> [YOUR OBJECTIVE]: Could you write out, exactly as they stand, only the lines in the listing below from the line with "There is a full" to the line with "ヤマガラ作品は、エゴノキの枝", both ends included, without the pictures?

> [SUPPLIED RECORDS]:
▽
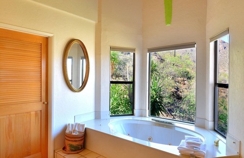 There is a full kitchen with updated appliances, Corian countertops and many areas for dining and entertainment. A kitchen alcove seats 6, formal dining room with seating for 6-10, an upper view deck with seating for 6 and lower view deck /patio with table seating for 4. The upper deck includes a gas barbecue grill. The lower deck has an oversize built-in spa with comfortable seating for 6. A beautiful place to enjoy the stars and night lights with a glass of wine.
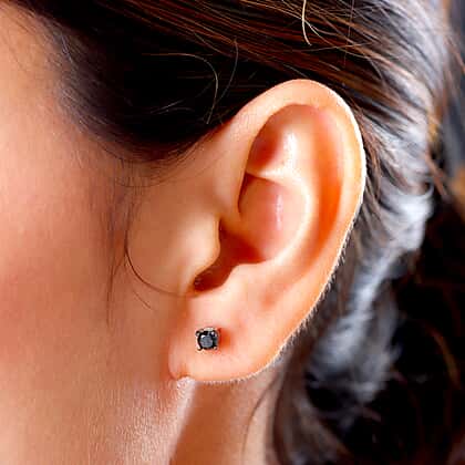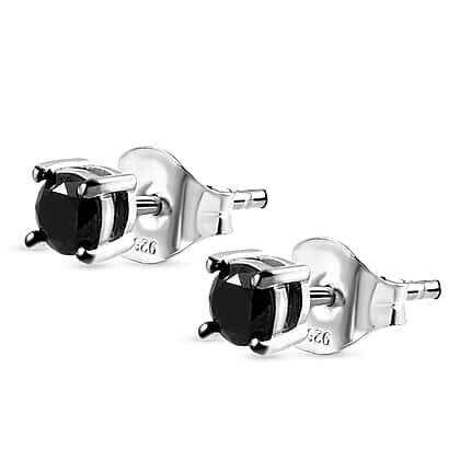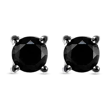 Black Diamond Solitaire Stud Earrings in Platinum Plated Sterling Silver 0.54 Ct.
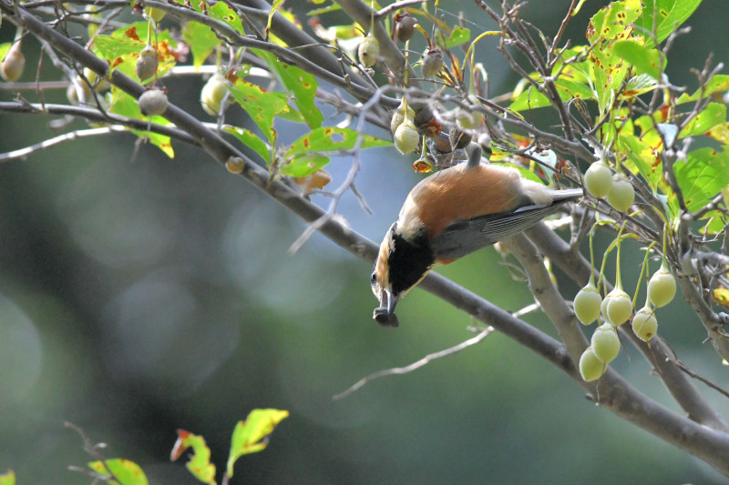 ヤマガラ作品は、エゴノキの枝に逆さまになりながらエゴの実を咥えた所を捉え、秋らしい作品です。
△
▽
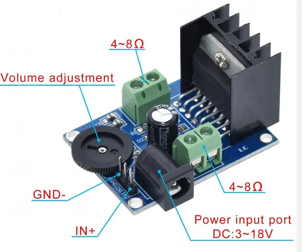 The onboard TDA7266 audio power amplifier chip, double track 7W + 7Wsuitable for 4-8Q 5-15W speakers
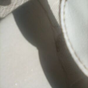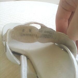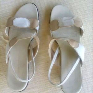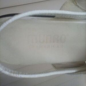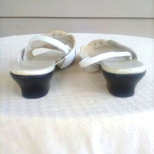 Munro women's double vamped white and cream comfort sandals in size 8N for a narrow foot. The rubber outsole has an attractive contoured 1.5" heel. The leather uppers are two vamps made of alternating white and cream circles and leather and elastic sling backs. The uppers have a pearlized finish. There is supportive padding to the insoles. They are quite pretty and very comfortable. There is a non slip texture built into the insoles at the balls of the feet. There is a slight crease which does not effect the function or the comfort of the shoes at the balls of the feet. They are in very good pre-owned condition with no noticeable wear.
△
> [TASK SOLUTION]:
 There is a full kitchen with updated appliances, Corian countertops and many areas for dining and entertainment. A kitchen alcove seats 6, formal dining room with seating for 6-10, an upper view deck with seating for 6 and lower view deck /patio with table seating for 4. The upper deck includes a gas barbecue grill. The lower deck has an oversize built-in spa with comfortable seating for 6. A beautiful place to enjoy the stars and night lights with a glass of wine.
 Black Diamond Solitaire Stud Earrings in Platinum Plated Sterling Silver 0.54 Ct.
 ヤマガラ作品は、エゴノキの枝に逆さまになりながらエゴの実を咥えた所を捉え、秋らしい作品です。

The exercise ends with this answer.